Tracing the source and flow of data is an arduous task. As your organization accumulates information systems, it also accumulates data entry points and transformation rules for ever-moving data. Additionally, data integration tools, extract-transform-load (ETL) tools, procedural code and even APIs and business intelligence (BI) reports aggregate and transform data constantly. As a result, it’s difficult to manually compile and understand the complicated web of data formed among the systems within your organization and present it in a simple visual flow. Automated data lineage can provide IT, data governance teams and business users with current visibility and context of organizational data to work more efficiently, make sounder decisions, and better leverage and protect the data at their disposal.
Not only can data lineage enable you to understand where data originates, how it is transformed and how it moves through your organization, it can bring together technical and business attributes and governance, spotlight sensitive data and other data classifications, deliver data quality visibility including helping users quickly conduct root cause analysis to data quality issues, and more. In the absence of automated impact analysis capabilities or in conjunction with these capabilities, data lineage can also be extremely useful for scoping and assessing the impact of potential data management, data intelligence and data platform migration efforts.

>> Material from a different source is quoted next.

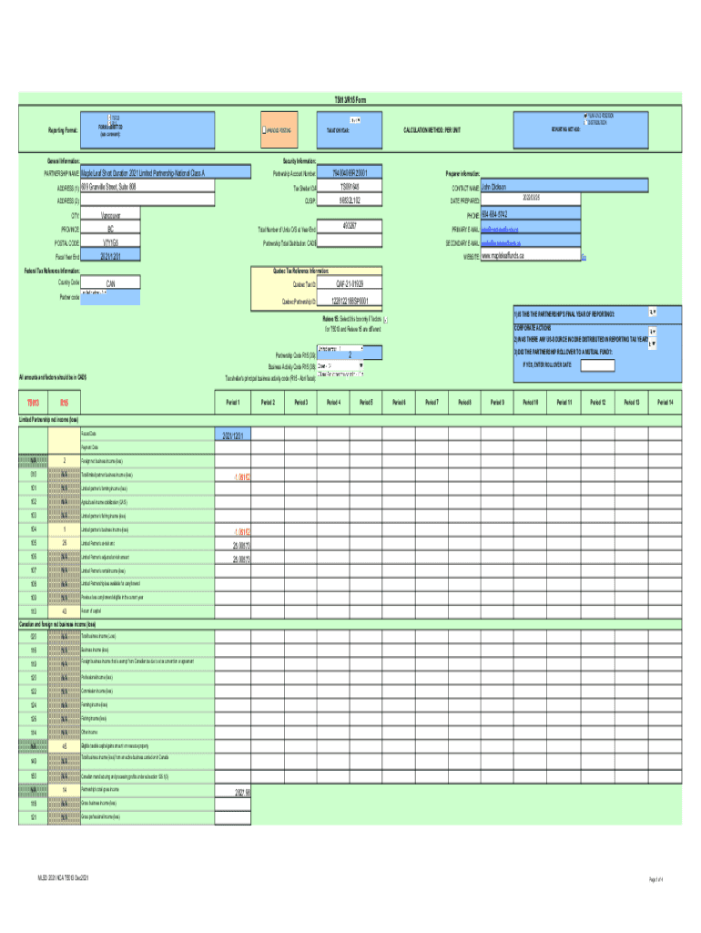 T5013/R15 Form T5013 R15 FORM SUBMITTED (see comment):Reporting Format:AMENDED POSTINGGeneral Information: PARTNERSHIP NAME: ADDRESS (1):CALCULATION METHOD: PER UNITTAXATION YEAR:Security Information:Maple

Data lineage includes both business lineage and technical lineage.
Business lineage focuses on the datasource overview to help data governance teams and business users understand the flow of data between different data sources within an organization’s data landscape.

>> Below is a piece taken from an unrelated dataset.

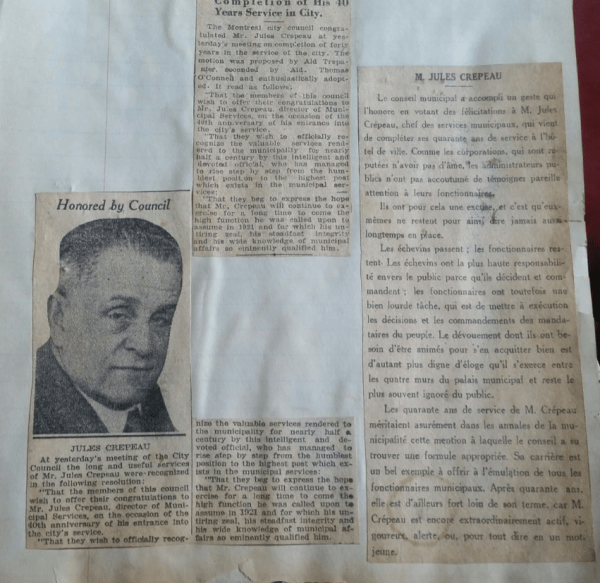 A few years after my mom died in 2009, I took a closer look at a disintegrating family scrapbook my Aunt Flo had kept. It contained yellowed news clippings from 1928 and 1930. In 1928, my father was being applauded for his 40 years of stellar service at City Hall. In 1930, he was being forced out by new Mayor Camillien Houde.

Technical lineage focuses on the organization’s data flow at the table and column levels, the underlying transformation layers and rules, temporary tables/files, and other objects of interest for technical users to understand an organization’s data journey.
Both business and technical lineage views are critical for organizations to understand the value of their data and easily assess the impact of changes. The ability to drill down from business lineage to technical lineage — or vice versa — provides added flexibility for data analysts to quickly get the right perspective of data flow.Not all automated data lineage is delivered in the same way. Referred lineage may pull lineage together based on element or attribute names and composition. More-detailed data lineage is based on code at the element level and is more trustworthy.
Data lineage is quickly evolving to become more intelligent, using AI to capture patterns in difficult-to-parse code.